A second polarizing plate 1P2 was produced in the same manner as that for the second polarizing plate of Example 9.

[Second Liquid Crystal Panel and Liquid Crystal Display]

On the visible side of the liquid crystal cell of Reference Example 7, the first polarizing plate aP1 was attached via an acrylic pressure-sensitive adhesive (thickness: 20 μm) in such a manner that the first optical compensation layer aR1 side became the liquid crystal cell side and the absorption axis direction of the first polarizing plate aP1 became parallel to the long-side direction of the liquid crystal cell. Then, on the backlight side of the liquid crystal cell, the second polarizing plate 1P2 was attached via an acrylic pressure-sensitive adhesive (thickness: 20 μm) in such a manner that the laminate (C) side became the liquid crystal cell side and the absorption axis direction of the second polarizing plate 1P2 became orthogonal to the long-side direction of the liquid crystal cell. Thus, a second liquid crystal panel iL1 was obtained.

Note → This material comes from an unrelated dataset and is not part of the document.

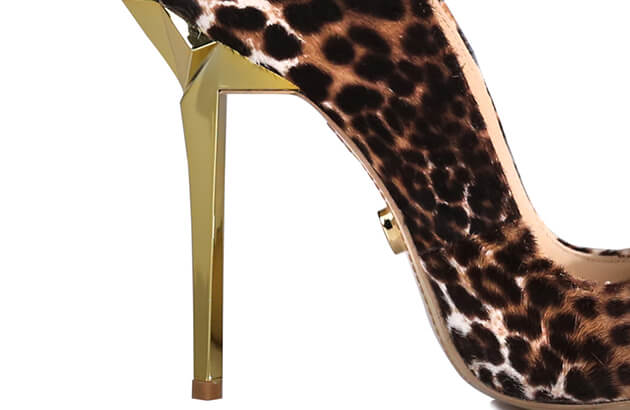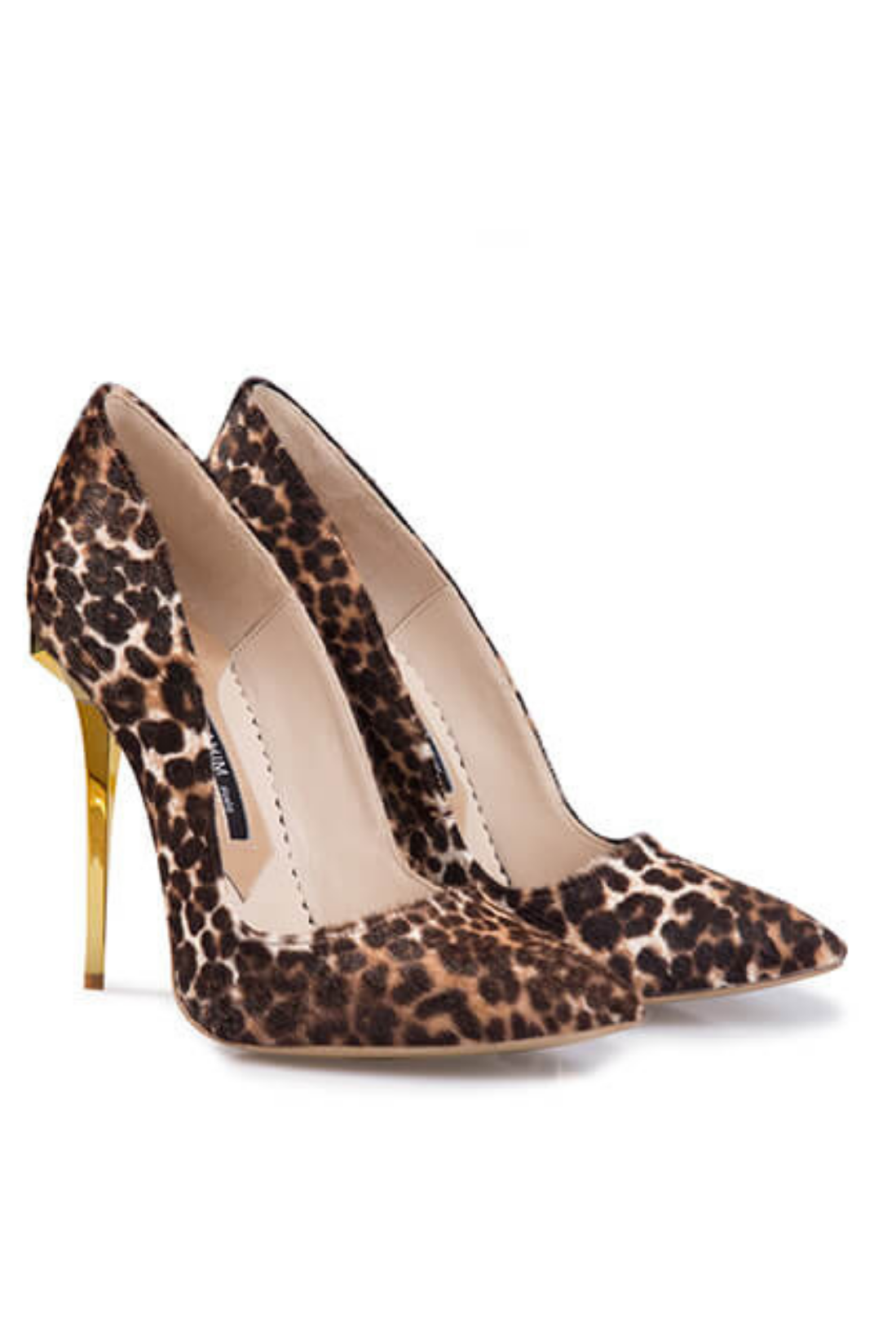 Pantofii din piele ponei, inspirați de leopardul de Amur, sunt o interpretare modernă a sălbăticiei care se îmbină cu o arhitectură urbană extravagantă.

At this time, the absorption axis of the first polarizing plate aP1 was orthogonal to the absorption axis of the second polarizing plate 1P2. The second liquid crystal panel iL1 then was bonded to a backlight unit included in the original liquid crystal display, thus producing a liquid crystal display iD1.

Example 26

A second liquid crystal panel jL1 and a liquid crystal display jD1 were produced in the same manner as in Example 25, except that the first polarizing plate bP1 produced in Example 18 was used as a first polarizing plate.

Example 27

A second liquid crystal panel kL1 and a liquid crystal display kD1 were produced in the same manner as in Example 25, except that the first polarizing plate cP1 produced in Example 19 was used as a first polarizing plate.

Example 28

A second liquid crystal panel lL1 and a liquid crystal display lD1 were produced in the same manner as in Example 25, except that the first polarizing plate dP1 produced in Example 20 was used as a first polarizing plate.

Example 29

A second liquid crystal panel mL1 and a liquid crystal display mD1 were produced in the same manner as in Example 25, except that the first polarizing plate eP1 produced in Example 21 was used as a first polarizing plate.

Example 30

A second liquid crystal panel nL1 and a liquid crystal display nD1 were produced in the same manner as in Example 25, except that the first polarizing plate fP1 produced in Example 22 was used as a first polarizing plate.

Example 31

A second liquid crystal panel oL1 and a liquid crystal display oD1 were produced in the same manner as in Example 25, except that the first polarizing plate gP1 produced in Example 23 was used as a first polarizing plate.

Example 32

A second liquid crystal panel pL1 and a liquid crystal display pD1 were produced in the same manner as in Example 25, except that the first polarizing plate hP1 produced in Example 24 was used as a first polarizing plate.

Comparative Example 1

A first polarizing plate QP1, a liquid crystal panel QL1, and a liquid crystal display QD1 were produced in the same manner as in Example 1, except that, in the production of the first polarizing plate, the heat treatment (annealing treatment) was performed by passing the laminate through an oven (Okazaki Machine Industry Co., Ltd.) at 70° C. for 7 minutes.

Comparative Example 2

A first polarizing plate RP1, a liquid crystal panel RL1, and a liquid crystal display RD1 were produced in the same manner as in Example 1, except that, in the production of the first polarizing plate, the heat treatment (annealing treatment) was not performed.

Comparative Example 3

A first polarizing plate qP1, a liquid crystal panel qL1, and a liquid crystal display qD1 were produced in the same manner as in Example 17, except that, in the production of the first polarizing plate, the heat treatment (annealing treatment) was performed by passing the laminate through an oven (Okazaki Machine Industry Co., Ltd.) at 70° C. for 6 minutes.

Comparative Example 4

A first polarizing plate rP1, a liquid crystal panel rL1, and a liquid crystal display rD1 were produced in the same manner as in Example 17, except that, in the production of the first polarizing plate, the heat treatment (annealing treatment) was not performed.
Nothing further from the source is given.